____ Source data

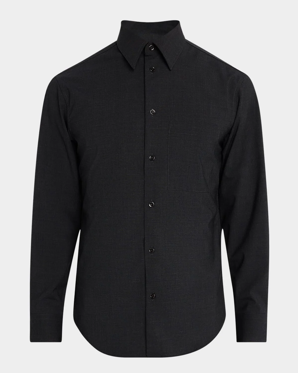 - Burberry sport shirt in solid wool with a hint of stretch - Point collar - Button placket - Chest patch pocket - Long sleeves - Yoked back shoulders - Shirttail hem - Wool/elastane - Made in Italy - Model is 6'1"/185cm.
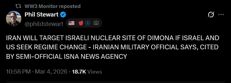 So now Trump and kegbreath are trying to convince everyone that this war will be over in a couple weeks if we send troops, while Iran has to threaten to expand the conflict and dragging it out to prevent that.
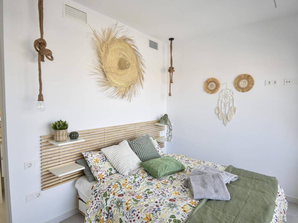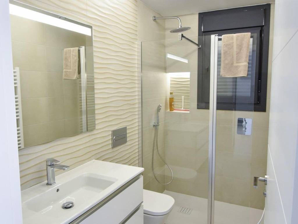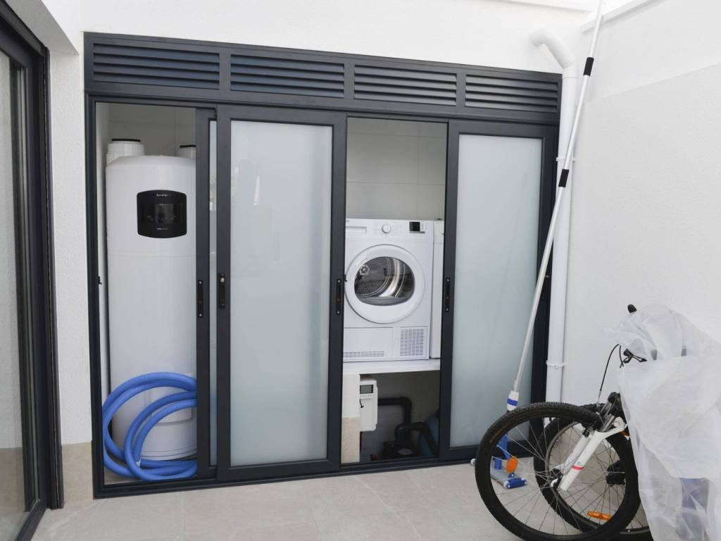 Большие окна в гостиной обеспечивают прямой доступ к бассейну, наполняя интерьер естественным светом. Энергоэффективные дополнения, такие как солнечные батареи и предварительно установленный канальный кондиционер, обеспечивают современный комфорт и экологичность. Бытовая техника от Balay (индукционная варочная панель, духовка, микроволновая печь, вытяжка, холодильник, встроенная посудомоечная и стиральная машины) облегчает процесс заселения.
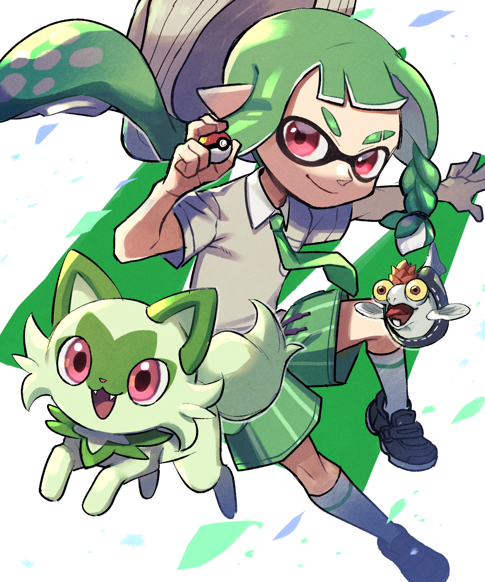 1girl asymmetrical_hair black_footwear braid breast_pocket closed_mouth collared_shirt eyebrow_cut green_hair green_necktie green_shorts hat highres holding holding_poke_ball inkling inkling_girl inkling_player_character kneehighs long_hair naranja_academy_school_uniform necktie nintendo pink_eyes pocket pointy_ears poke_ball poke_ball_(basic) pokemon pokemon_(creature) pokemon_sv salmonid school_uniform shida556 shirt shoes short_sleeves shorts single_horizontal_stripe smallfry_(splatoon) smile socks splatoon_(series) splatoon_3 sprigatito striped_clothes striped_shorts suction_cups tentacle_hair vertical-striped_clothes vertical-striped_shorts white_headwear white_shirt white_socks

________

→ Work to complete:
Skip every picture and return the lines above from the top through the one that contains "So now Trump".

→ Answer to this task:
 - Burberry sport shirt in solid wool with a hint of stretch - Point collar - Button placket - Chest patch pocket - Long sleeves - Yoked back shoulders - Shirttail hem - Wool/elastane - Made in Italy - Model is 6'1"/185cm.
 So now Trump and kegbreath are trying to convince everyone that this war will be over in a couple weeks if we send troops, while Iran has to threaten to expand the conflict and dragging it out to prevent that.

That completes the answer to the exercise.